No reason to stop now
Given that Boeing's board was willing to raise the company's dividend by 30% last year -- after Boeing grew free cash flow by 14% during 2016 -- it seems likely to approve another significant increase for the upcoming year.
First, Boeing's dividend yield has plunged over the past 12 months, simply because Boeing stock has gained more than 75% since the company announced its last dividend increase a year ago. Based on Boeing's current payout and stock price, the yield is barely above 2%, compared with about 3.6% right after the announcement last December.
Second, Boeing's cash flow has surged during 2017. Through the first three quarters of the year, Boeing produced free cash flow of $9.1 billion, up 62% year over year. The company has also raised its full-year cash flow guidance multiple times.
As of October, Boeing's full-year guidance called for operating cash flow of about $12.5 billion, along with $2.0 billion of capital spending. That would imply free cash flow generation of approximately $10.5 billion, up 33% year over year. Meanwhile, the annualized cost of Boeing's current dividend has declined to around $3.4 billion, because of the company's share repurchases. That means Boeing has the flexibility to implement a meaningful dividend increase.
Time to bring the yield back up
Despite the huge increase in its free cash flow this year, Boeing sees lots of upside for cash flow. On the company's Q3 earnings call, management reiterated its long-standing forecast that cash flow will grow each year through the end of the decade.
As a result, even if capital spending ticks up again in 2018, Boeing could generate free cash flow of around $11 billion. It can thus easily afford to raise its dividend by another 20%-30% for the upcoming year.
At the high end of that range, Boeing would still be paying out just $4.4 billion a year -- or less if you account for the company's likely share-repurchase activity.

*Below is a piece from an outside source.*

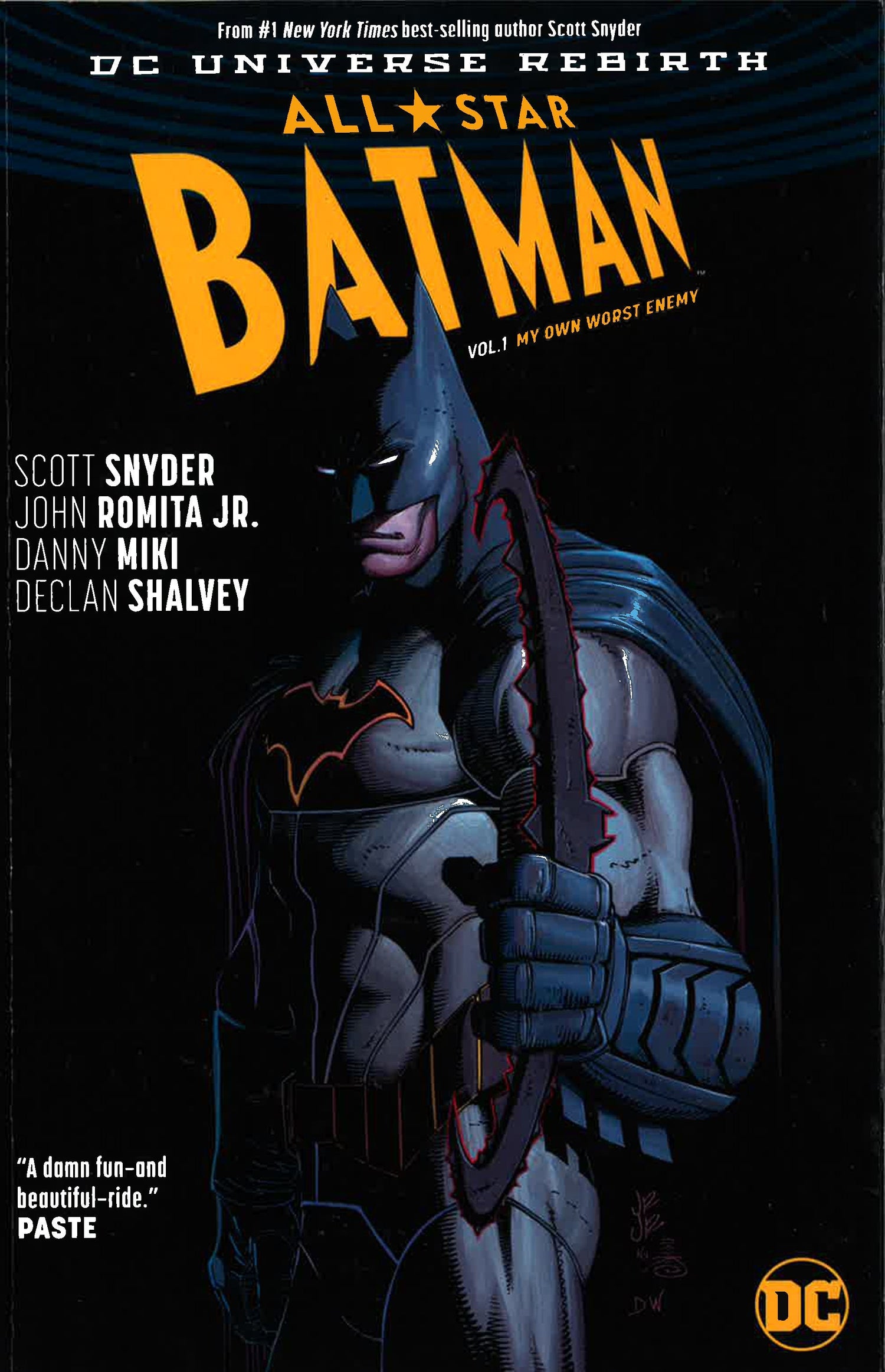 From the #1 NEW YORK TIMES best-selling author of BATMAN, Scott Snyder, comes his newest Dark Knight project as a part of DC Universe Rebirth, ALL-STAR BATMAN VOL. 1: MY OWN WORST ENEMY! Snyder is one of the most critically acclaimed authors in the comics world, with titles that include the genre-defining BATMAN VOL. 1: THE COURT OF OWLS, as well as BATMAN: BLACK MIRROR and AMERICAN VAMPIRE. But this time, he teams with Eisner Award-winning illustrator and comics legend John Romita Jr. (AVENGERS, THE DARK KNIGHT RETURNS: THE LAST CRUSADE) and critically acclaimed artist Declan Shalvey (MOON KNIGHT)!

Most investors would agree that paying a dividend equal to 40% of free cash flow is entirely reasonable.
By raising its dividend 20%-30%, Boeing would boost the yield on its stock to 2.5% or more. (Of course, that assumes no change in the stock price.) I expect Boeing's board to do just that at its upcoming meeting. And if Boeing meets its future cash flow targets, there will be plenty of room for additional dividend increases after 2018.